# Work task
All lines from the one containing "AvvaMen's Black Mono" through the end of the material are to be given back exactly, without pictures.

# Data shown

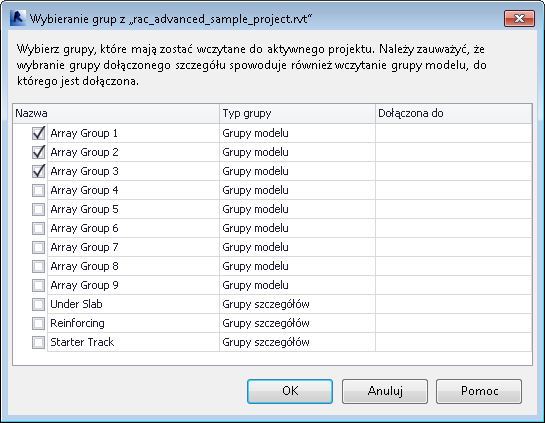 - Wybierz co najmniej jedną grupę do wczytania i kliknij przycisk OK, aby wczytać wystąpienie wybranych grup do bieżącego projektu programu Revit.
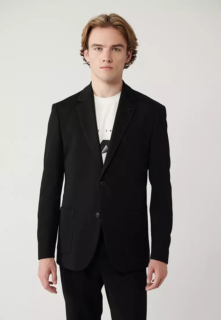 AvvaMen's Black Mono Collar Lined Slit Jersey Fabric Jacket B00400012959.00
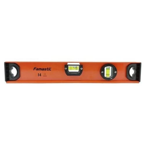O Nível de Alumínio Famastil tem bolhas de plástico, que não quebram. Essa ferramenta garante que o piso e outras superfícies estejam alinhados horizontalmente. Tem ponteira plástica nas extremidades, e as bolhas são calibradas.

# Task answer
 AvvaMen's Black Mono Collar Lined Slit Jersey Fabric Jacket B00400012959.00
O Nível de Alumínio Famastil tem bolhas de plástico, que não quebram. Essa ferramenta garante que o piso e outras superfícies estejam alinhados horizontalmente. Tem ponteira plástica nas extremidades, e as bolhas são calibradas.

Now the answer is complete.